Слуга открыл мне входную дверь, на которой была медная доска и на ней имя моего банкира. Все было здесь скромно, пол покрыт не коврами, а крашеным чистым холстом, в большой комнате, склонившись над толстыми книгами, сидели писцы, и в тишине слышался
Вот, подумал я, торговая храмина, в которой обращаются миллионы, банковые билеты, векселя за подписями купцов всех четырех стран света.
Слуга проводил меня в гостиную во втором этаже, просил обождать несколько минут, — и точно, не прошло и трех минут, как дверь кабинета банкира открылась и вышел молодой человек в светло-сером сюртуке. Я мельком взглянул на него. Кивнув мне, он стал спускаться по лестнице. Тут господин Адамсон пригласил меня войти к нему в кабинет.
Пока банкир рассматривал вексель и рекомендательное письмо нашего посла, я успел осмотреть кабинет одного из королей лондонского Сити. Он был убран просто, но все говорило о вкусе хозяина — кресла, обитые темно-зеленым сафьяном, большой стол черного дерева, красивые бронзовые часы на камине. Две японские, тончайшей работы, вазы стояли в углах на постаментах из черного дерева. Над столом я увидел портреты Питта и Нельсона. У дверей большой стеклянный шкаф, наполненный книгами.
Самому хозяину было не более шестидесяти лет, волосы его поседели, но брови черные, сросшиеся у переносицы, над длинным тонким носом. Он уставил на меня свои серые живые глаза и сказал:
— Жалею, что я не был предуведомлен о вашем приходе… Вы — русский, а только что ушел от меня господин, который давно имеет желание посетить вашу родину. Ему было бы интересно свести знакомство с русским, да еще к тому же принадлежащим к посольству.
Я промолчал, а господин Адамсон, делая пометки на моем векселе, продолжал:
— Имя его, возможно, вам знакомо: это известный наш стихотворец лорд Байрон…
Я невольно вздрогнул, услыхав это славное имя: так вот кто был встреченный мной молодой человек! И как я мог не узнать его…
— Я не имел удовольствия читать его творения, — рассуждал мистер Адамсон, — ибо, кроме произведений великого Мильтона, я никаких стихов не читаю, но наша молодежь от него без ума, и мои племянники бредят поэмой Байрона, не помню ее названия…
— Какая жалость! — воскликнул я. — Почел бы счастьем познакомиться с ним.
— О, да, — сказал мистер Адамсон, — он знатного рода…
Об остальном не стоит говорить. Я быстро окончил мое дело у Адамсона и ушел, горько сожалея о том, что мне не удалось познакомиться с величайшим поэтом нашего времени…

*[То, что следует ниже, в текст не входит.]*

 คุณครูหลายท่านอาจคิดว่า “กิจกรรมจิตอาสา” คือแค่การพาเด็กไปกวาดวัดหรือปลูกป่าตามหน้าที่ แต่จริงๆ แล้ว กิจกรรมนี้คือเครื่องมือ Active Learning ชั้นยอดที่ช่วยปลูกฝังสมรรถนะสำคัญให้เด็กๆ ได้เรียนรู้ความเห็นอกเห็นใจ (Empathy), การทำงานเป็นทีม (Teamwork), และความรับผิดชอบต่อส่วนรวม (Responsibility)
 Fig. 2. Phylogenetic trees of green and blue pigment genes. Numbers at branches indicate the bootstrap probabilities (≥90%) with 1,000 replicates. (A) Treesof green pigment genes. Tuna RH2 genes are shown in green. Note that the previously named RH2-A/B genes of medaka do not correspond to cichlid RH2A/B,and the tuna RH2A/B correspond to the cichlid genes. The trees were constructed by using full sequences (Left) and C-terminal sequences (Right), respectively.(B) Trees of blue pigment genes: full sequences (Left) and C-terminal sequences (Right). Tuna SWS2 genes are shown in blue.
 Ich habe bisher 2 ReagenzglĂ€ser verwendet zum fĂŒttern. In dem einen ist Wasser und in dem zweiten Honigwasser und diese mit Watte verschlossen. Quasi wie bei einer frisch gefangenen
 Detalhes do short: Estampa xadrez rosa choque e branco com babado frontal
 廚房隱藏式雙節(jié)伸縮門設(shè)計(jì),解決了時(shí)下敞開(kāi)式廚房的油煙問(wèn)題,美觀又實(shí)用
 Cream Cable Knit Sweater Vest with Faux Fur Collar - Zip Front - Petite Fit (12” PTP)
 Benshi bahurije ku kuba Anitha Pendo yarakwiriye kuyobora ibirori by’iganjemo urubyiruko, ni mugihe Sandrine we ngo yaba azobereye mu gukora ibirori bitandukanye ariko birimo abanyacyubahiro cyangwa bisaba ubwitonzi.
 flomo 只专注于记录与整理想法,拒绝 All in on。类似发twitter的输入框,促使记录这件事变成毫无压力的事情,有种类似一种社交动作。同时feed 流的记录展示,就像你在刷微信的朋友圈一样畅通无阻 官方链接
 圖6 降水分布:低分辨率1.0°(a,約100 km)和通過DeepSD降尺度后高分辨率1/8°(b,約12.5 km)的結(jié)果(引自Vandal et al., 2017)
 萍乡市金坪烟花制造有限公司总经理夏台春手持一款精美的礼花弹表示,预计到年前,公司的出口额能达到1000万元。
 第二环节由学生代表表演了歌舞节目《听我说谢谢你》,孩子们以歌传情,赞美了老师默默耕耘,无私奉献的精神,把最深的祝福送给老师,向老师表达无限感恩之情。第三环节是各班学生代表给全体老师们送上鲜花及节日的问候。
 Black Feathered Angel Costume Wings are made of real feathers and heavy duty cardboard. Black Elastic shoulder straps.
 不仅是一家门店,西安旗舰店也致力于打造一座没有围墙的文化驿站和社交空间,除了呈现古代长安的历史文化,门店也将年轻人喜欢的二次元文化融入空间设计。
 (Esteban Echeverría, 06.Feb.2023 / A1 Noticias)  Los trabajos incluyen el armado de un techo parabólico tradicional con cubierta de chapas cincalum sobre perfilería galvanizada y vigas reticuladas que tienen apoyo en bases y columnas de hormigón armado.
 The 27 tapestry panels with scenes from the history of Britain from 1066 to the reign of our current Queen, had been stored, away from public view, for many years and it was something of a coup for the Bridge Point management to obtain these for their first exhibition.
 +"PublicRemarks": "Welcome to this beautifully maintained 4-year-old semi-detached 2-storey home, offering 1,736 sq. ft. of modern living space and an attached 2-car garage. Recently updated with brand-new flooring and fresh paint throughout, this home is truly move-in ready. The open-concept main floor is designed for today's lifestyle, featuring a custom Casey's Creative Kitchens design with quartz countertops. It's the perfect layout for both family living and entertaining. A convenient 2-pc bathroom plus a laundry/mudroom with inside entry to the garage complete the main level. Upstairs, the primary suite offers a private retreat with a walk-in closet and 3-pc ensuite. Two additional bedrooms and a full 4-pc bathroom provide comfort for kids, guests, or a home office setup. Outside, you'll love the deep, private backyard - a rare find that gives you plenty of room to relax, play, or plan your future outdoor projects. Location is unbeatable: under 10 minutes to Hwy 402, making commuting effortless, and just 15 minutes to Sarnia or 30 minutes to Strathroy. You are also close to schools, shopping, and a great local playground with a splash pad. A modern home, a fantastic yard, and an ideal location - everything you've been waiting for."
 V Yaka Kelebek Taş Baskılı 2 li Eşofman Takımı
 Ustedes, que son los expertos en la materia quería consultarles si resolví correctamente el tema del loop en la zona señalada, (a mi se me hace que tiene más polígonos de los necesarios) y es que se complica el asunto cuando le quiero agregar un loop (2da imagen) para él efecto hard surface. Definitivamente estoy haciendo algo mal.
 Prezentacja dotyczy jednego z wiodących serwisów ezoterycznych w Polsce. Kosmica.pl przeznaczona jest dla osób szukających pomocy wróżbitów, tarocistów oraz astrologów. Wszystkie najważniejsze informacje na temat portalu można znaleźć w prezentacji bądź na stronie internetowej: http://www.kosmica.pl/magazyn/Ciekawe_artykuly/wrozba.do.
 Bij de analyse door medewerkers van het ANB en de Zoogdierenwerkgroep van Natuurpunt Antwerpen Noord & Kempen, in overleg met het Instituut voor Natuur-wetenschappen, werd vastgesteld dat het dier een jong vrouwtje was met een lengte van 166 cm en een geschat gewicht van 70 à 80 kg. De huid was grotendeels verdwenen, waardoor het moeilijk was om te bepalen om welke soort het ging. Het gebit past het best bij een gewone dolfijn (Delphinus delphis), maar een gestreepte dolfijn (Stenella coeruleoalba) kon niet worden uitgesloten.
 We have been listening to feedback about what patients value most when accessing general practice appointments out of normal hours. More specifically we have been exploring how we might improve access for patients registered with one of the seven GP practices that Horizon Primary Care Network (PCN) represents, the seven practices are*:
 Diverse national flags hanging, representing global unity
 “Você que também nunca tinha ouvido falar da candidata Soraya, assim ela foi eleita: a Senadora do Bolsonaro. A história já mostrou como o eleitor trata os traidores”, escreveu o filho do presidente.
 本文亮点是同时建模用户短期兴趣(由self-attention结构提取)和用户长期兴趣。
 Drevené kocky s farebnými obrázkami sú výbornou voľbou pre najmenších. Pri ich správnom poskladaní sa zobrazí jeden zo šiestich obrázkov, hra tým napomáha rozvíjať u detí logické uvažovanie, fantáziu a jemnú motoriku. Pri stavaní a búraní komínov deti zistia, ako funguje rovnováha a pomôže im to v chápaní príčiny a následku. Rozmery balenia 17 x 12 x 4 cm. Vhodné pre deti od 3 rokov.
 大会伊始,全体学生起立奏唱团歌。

Сколько видишь здесь пустых и ветреных людей, сколько лжи и ненависти извергают их уста при одном имени лорда Байрона, однако при встрече с ним уста их немеют, ибо они знают, что он один из лучших бойцов на саблях и один из самых метких стрелков Англии. Мистер Адамсон еще сказал мне, что Байрон намерен ехать в Россию и избрал для этого длинный путь — через Персию… Поэт, ты близок нам, русским, еще тем, что ты почитаешь народ, сокрушивший деспота Наполеона…»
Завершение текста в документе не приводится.